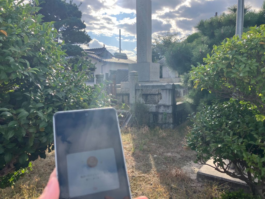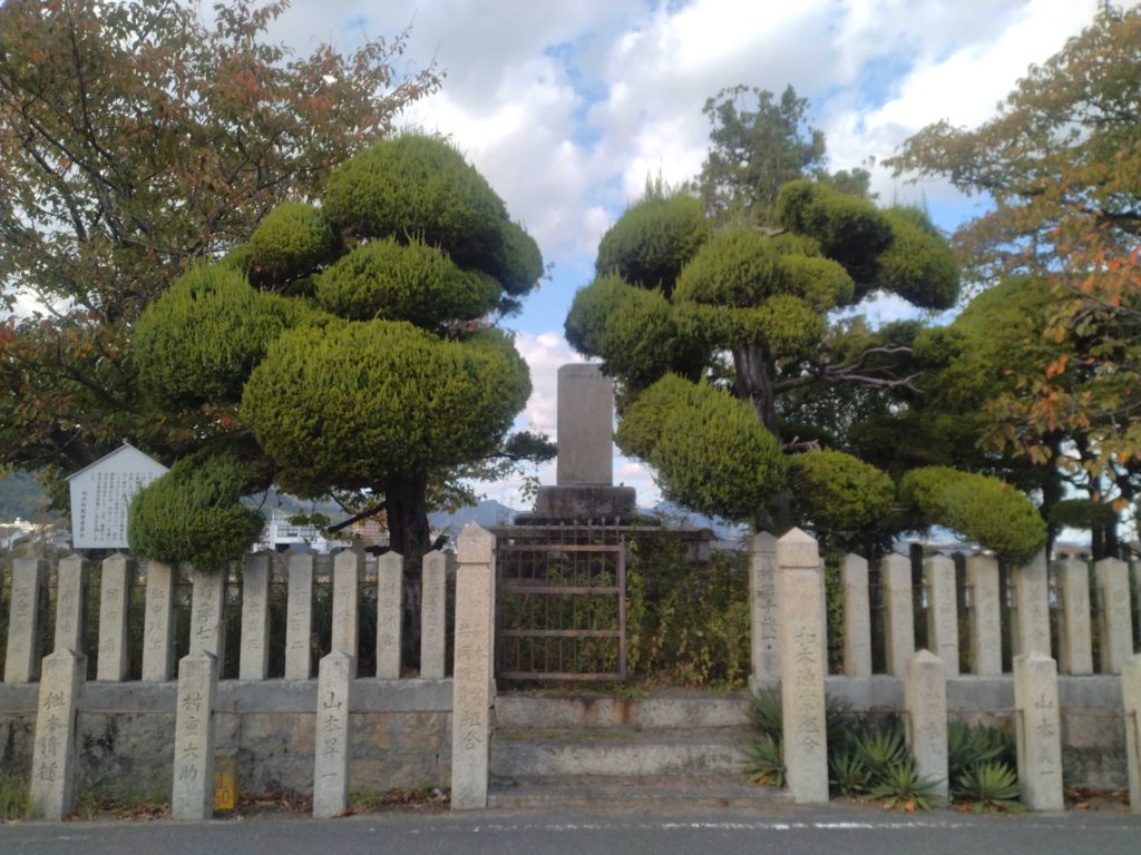あいさつ通りを少しそれて、宝暦殉難三士の墓でチェックイン、続けて三秀神社遺跡記念碑へ。
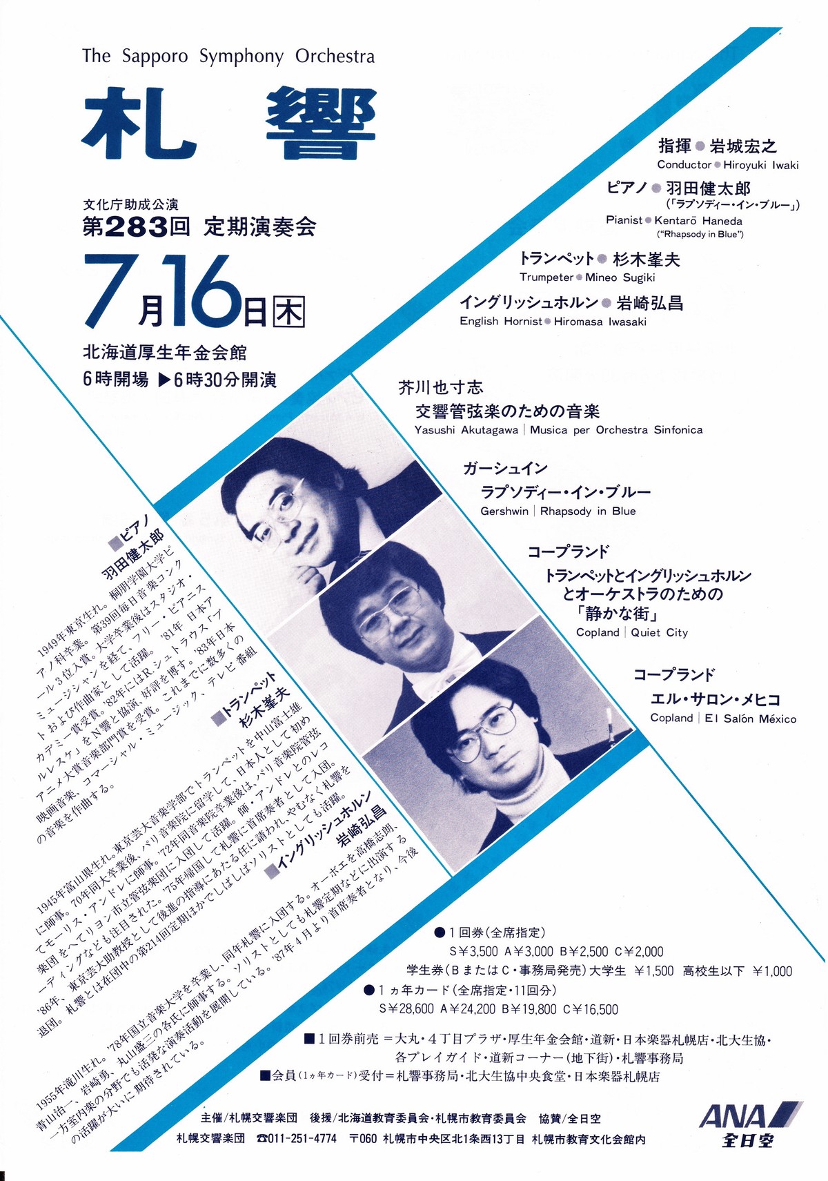これまでの“感動史”の流れからは時代がとぶが-でも、年を追ってなんて一言も言ってないもんね-札幌交響楽団第283回定期演奏会(1987年7月16日)で、音楽監督・岩城宏之がプログラムの1曲目でこの曲を取り上げた(この日のような構成のプログラムも、岩城時代になってから、ときおり組まれるようになったものだ。なお、この日は当日になって、バーバーの「弦楽のためのアダージョ」が追加され、3曲目に演奏された)。
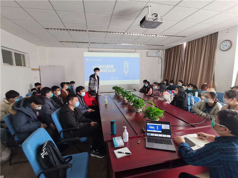 數(shù)管201班主任焦子豪說明了接種疫苗的重要性和緊迫性,鼓勵同學(xué)們在沒有接種禁忌癥的情況下,都能夠接種疫苗。數(shù)管202班主任段大高解釋了新冠疫苗接種是常態(tài)化疫情防控形勢下預(yù)防新冠肺炎傳播的最有效的途徑,鼓勵同學(xué)們積極接種疫苗,建立起免疫屏障,阻斷新冠肺炎的流行。經(jīng)管201班副班主任孟山月希望同學(xué)們自覺積極接種新冠疫苗,做科學(xué)的傳播者、健康的守護(hù)者,保護(hù)自己、保護(hù)家人、保護(hù)同學(xué)、保護(hù)社會。經(jīng)管202班主任賈君怡請接種過疫苗的同學(xué)們現(xiàn)身說法,消除了大家的接種顧慮,鼓勵同學(xué)們積極接種,共筑免疫長城。經(jīng)管203班主任邸玉娜宣讀了學(xué)接種新冠肺炎疫苗倡議書,詳細(xì)解答同學(xué)們的各類問題和疑惑,本著“當(dāng)社會需要時,我們義無反顧”的初心,班級同學(xué)全部已接種和有意向接種率達(dá)到100%。
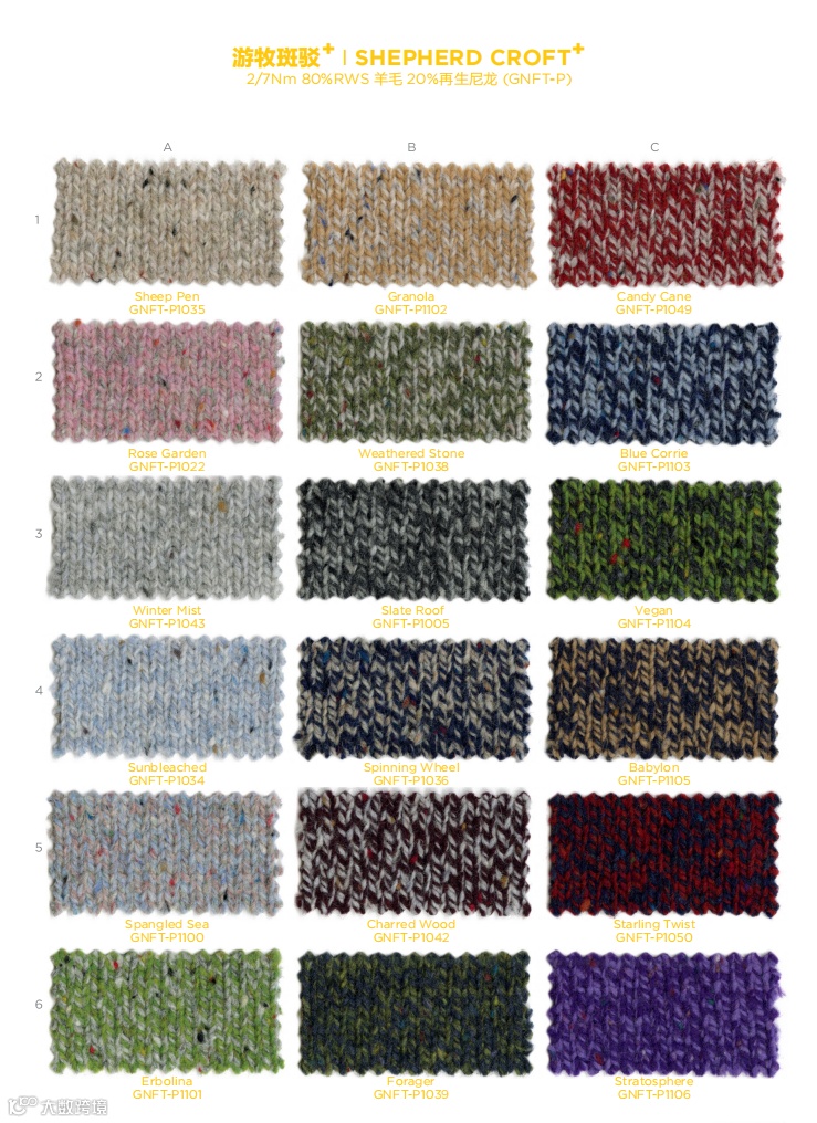 而游牧斑驳+系列纱线则在此基础撞色加捻而成
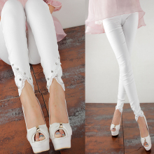 春秋新款时尚蕾丝花边闪钻外穿打底裤弹力高腰小脚裤长裤白色大码
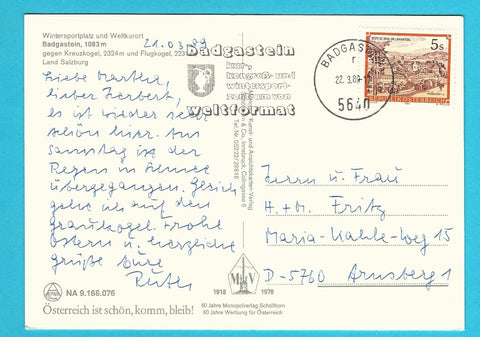 AK Badgastein. Gelaufen. Großformat. Verlag: Monopol. Nummeriert: NA 9166076
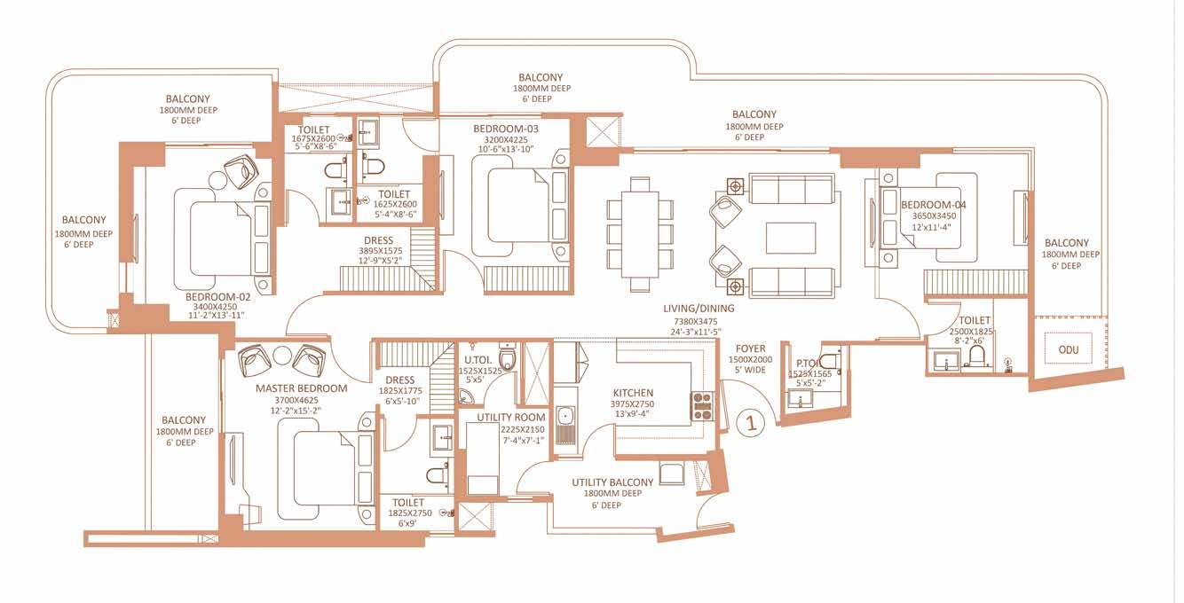 4 BHK Luxe Unit Plan
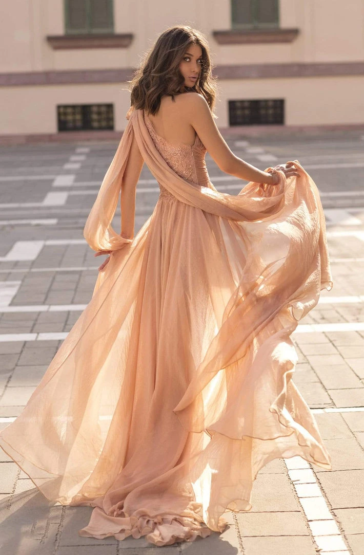 You will be an enchanting beauty in this wonderful Tarik Ediz 93924 masterpiece. Designed with ruching details, the fitted bodice showcases an asymmetrical neckline, wide waistband and a peek-a-boo cutout. The single shoulder strap adorns bow accent as the back is designed with beaded lace and eyelash trims. The fitted leg pants are also made in beaded lace as the a-line overskirt is tailored in chiffon which dramatically finishes with a sweep train. This Tarik Ediz creation will definitely bring out the goddess in you!

****************

PROBLEM >> Please return the whole listing exactly. Do not copy its images.

SOLVED EXERCISE >>
あいさつ通りを少しそれて、宝暦殉難三士の墓でチェックイン、続けて三秀神社遺跡記念碑へ。
これまでの“感動史”の流れからは時代がとぶが-でも、年を追ってなんて一言も言ってないもんね-札幌交響楽団第283回定期演奏会(1987年7月16日)で、音楽監督・岩城宏之がプログラムの1曲目でこの曲を取り上げた(この日のような構成のプログラムも、岩城時代になってから、ときおり組まれるようになったものだ。なお、この日は当日になって、バーバーの「弦楽のためのアダージョ」が追加され、3曲目に演奏された)。
 數(shù)管201班主任焦子豪說明了接種疫苗的重要性和緊迫性,鼓勵同學(xué)們在沒有接種禁忌癥的情況下,都能夠接種疫苗。數(shù)管202班主任段大高解釋了新冠疫苗接種是常態(tài)化疫情防控形勢下預(yù)防新冠肺炎傳播的最有效的途徑,鼓勵同學(xué)們積極接種疫苗,建立起免疫屏障,阻斷新冠肺炎的流行。經(jīng)管201班副班主任孟山月希望同學(xué)們自覺積極接種新冠疫苗,做科學(xué)的傳播者、健康的守護(hù)者,保護(hù)自己、保護(hù)家人、保護(hù)同學(xué)、保護(hù)社會。經(jīng)管202班主任賈君怡請接種過疫苗的同學(xué)們現(xiàn)身說法,消除了大家的接種顧慮,鼓勵同學(xué)們積極接種,共筑免疫長城。經(jīng)管203班主任邸玉娜宣讀了學(xué)接種新冠肺炎疫苗倡議書,詳細(xì)解答同學(xué)們的各類問題和疑惑,本著“當(dāng)社會需要時,我們義無反顧”的初心,班級同學(xué)全部已接種和有意向接種率達(dá)到100%。
 而游牧斑驳+系列纱线则在此基础撞色加捻而成
 春秋新款时尚蕾丝花边闪钻外穿打底裤弹力高腰小脚裤长裤白色大码
 AK Badgastein. Gelaufen. Großformat. Verlag: Monopol. Nummeriert: NA 9166076
 4 BHK Luxe Unit Plan
 You will be an enchanting beauty in this wonderful Tarik Ediz 93924 masterpiece. Designed with ruching details, the fitted bodice showcases an asymmetrical neckline, wide waistband and a peek-a-boo cutout. The single shoulder strap adorns bow accent as the back is designed with beaded lace and eyelash trims. The fitted leg pants are also made in beaded lace as the a-line overskirt is tailored in chiffon which dramatically finishes with a sweep train. This Tarik Ediz creation will definitely bring out the goddess in you!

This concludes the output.